Can you help me check if this proof is correct? If not, kindly provide a better proof
Prove that if $f$ is continuous at $x_0\in [a,b]$ and $f(x_0)\neq 0,$ then $\sup\limits_{P}L(|f|,P)>0$
Suppose $a<b$. For $\epsilon=|f(x_0)|/2,$ there exists $\delta>0$ such that $$|f(x)|>\dfrac{1}{2}|f(x_0)|,\;\;\text{whenever}\;\;x\in(x_0-\delta,x_0+\delta).$$ Choose a uniform partition $P_n$, for each $n,$ such that $$a=x_0<x_1<\cdots<x_n=b\;\;\text{and}\;\;x_j-x_{j-1}=(b-a)/n,\;\;j\in \{1,2,\cdots,n\}.$$ Hence, \begin{align}\sup\limits_{P_n}L(|f|,P_n)&= \lim\limits_{n\to \infty}\sum^{n}_{j=1}|f(t_j)|(x_j-x_{j-1})\\&\geq \dfrac{1}{2}|f(x_0)|\lim\limits_{n\to \infty}\sum^{n}_{j=1}(x_j-x_{j-1})\\&\geq \dfrac{1}{2}|f(x_0)|\lim\limits_{n\to \infty}(x_n-x_{0})\\&= \dfrac{1}{2}|f(x_0)|\lim\limits_{n\to \infty}(b-a)\\&= \dfrac{1}{2}|f(x_0)|(b-a)\\&>0\end{align}
No, it is not correct.
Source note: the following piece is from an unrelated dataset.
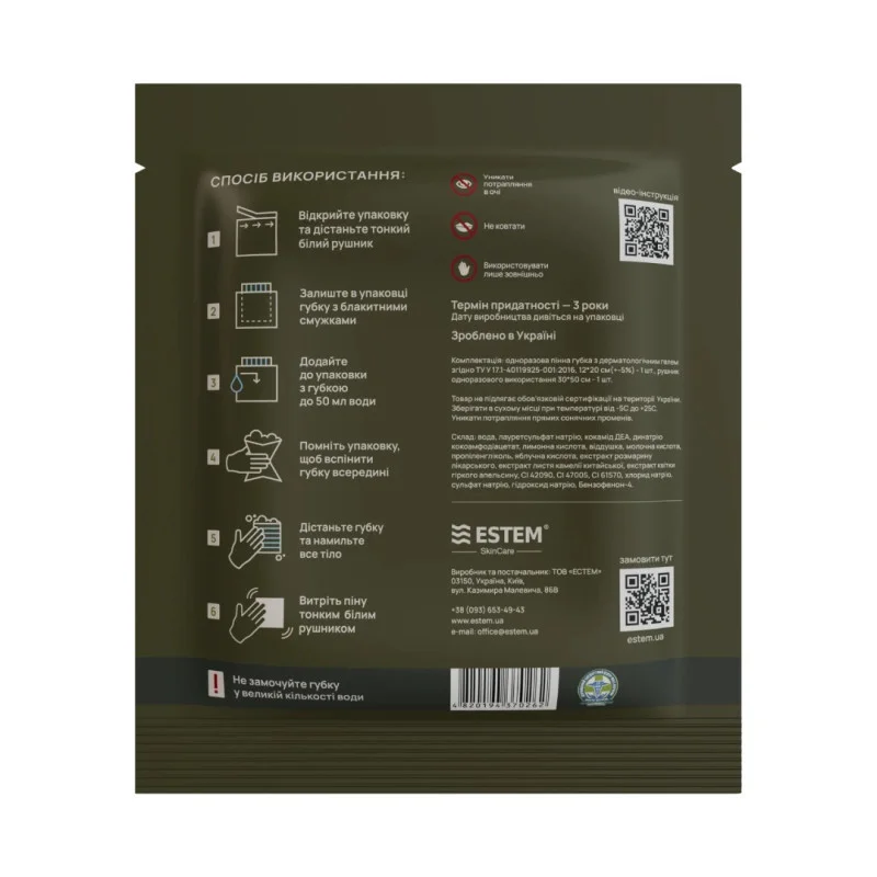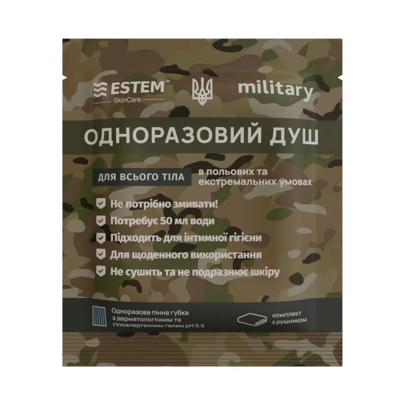 Estem Military - Одноразовый сухой душ для военных стандартов гигиены. Продукт Estem Military является инновационным решением в сфере личной гигиены, специально адаптированным для военнослужащих, пациентов в стационарах, пожилых людей и путешественников. Комплектация включает мыльную губку и полотенце, обеспечивая все необходимое для быстрого и эффективного очищения в любых условиях.

That inequality containg the second $\geqslant$ doesn't hold; you seem to be assuming here that each $m_j$ is greater than or equal to $\frac12\bigl\lvert f(x_0)\bigr\rvert$, but that is not true.
Note that you only have to proved an example of one partition $P_0$ such that $L\bigl(\lvert f\rvert,P_0\bigr)>0$. Then it will follow automatically that $\displaystyle\sup_PL\bigl(\lvert f\rvert,P\bigr)>0$.